- Born: Lulu Nocera March 28, 1967 (age 59) Sicily, Italy
- Genres: Freestyle, house, trip hop
- Occupations: Singer, songwriter, producer
- Instruments: Guitar, keyboards
- Years active: 1986–present
- Labels: Sleeping Bag Records (1986–1992) Hidden Tiger Music (2000)

= Nocera (singer) =

Lulu Nocera (born March 28, 1967), known professionally as Nocera is an Italian-American club DJ and a trip hop, pop and freestyle singer. She is probably best known for her 1986 freestyle hits "Summertime Summertime" and "Let's Go".

==Early life==
Born in Sicily, Nocera was raised in Parma, Emilia-Romagna (in northern Italy), before emigrating to the United States when she was 18 years old.

== Career ==

=== Early years ===
Nocera signed with independent label Sleeping Bag Records in 1986, and released the single "Summertime Summertime" that same year. The single, produced by Floyd Fisher and remixed by Kurtis Mantronik, was included on Nocera's 1987 debut album, Over the Rainbow, and reached No. 2 on Billboard's Hot Dance/Club Play chart in 1986. The album also featured "Let's Go", a track remixed by Little Louie Vega, and written by Peitor Angell. It reached No. 8 on the Hot Dance/Club Play chart in 1987.

Following the release, tour, and promotion of Over the Rainbow, Nocera began work on a second album, but the album was not completed or released due to the closure of Sleeping Bag Records in 1991.

=== Voice of the Satellites and DJ career ===
Following the demise of Sleeping Bag Records, Nocera sang background vocals for freestyle acts Sa-Fire, India and Information Society in the early to mid-1990s.
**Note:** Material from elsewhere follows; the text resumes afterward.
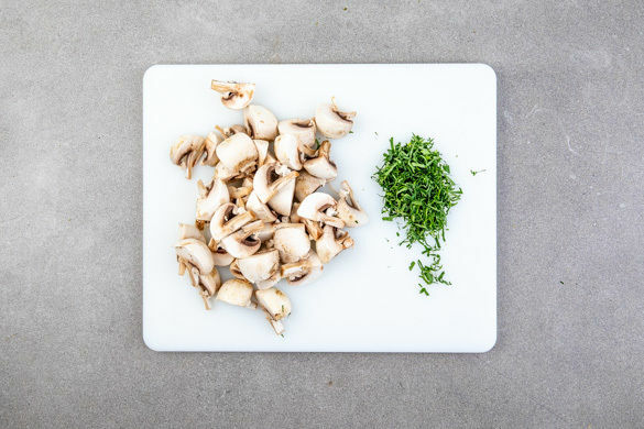 Die Pilze ggf. säubern und je nach Größe vierteln oder sechsteln. Die Petersilie samt Stängeln fein hacken.

She also toured both nationally and internationally with Information Society, providing background vocals and keyboards.

In 2000, Nocera formed the trip hop group Voice of the Satellites with guitarist Gregg Fine and keyboardist John Roggie. The band's sound has been described as "a loose, trippy blend of hip hop, acid jazz, and points in-between and elsewhere." The band has released a couple of EPs, but has yet to be signed to a major label.

Nocera is also currently a club DJ based in New York City, and toured the United States with the 'Freestyle Explosion' concert series in 2006, where she favorably reprised her mid-1980s hits from Over the Rainbow.

Nocera currently fronts a band called the BB Batts.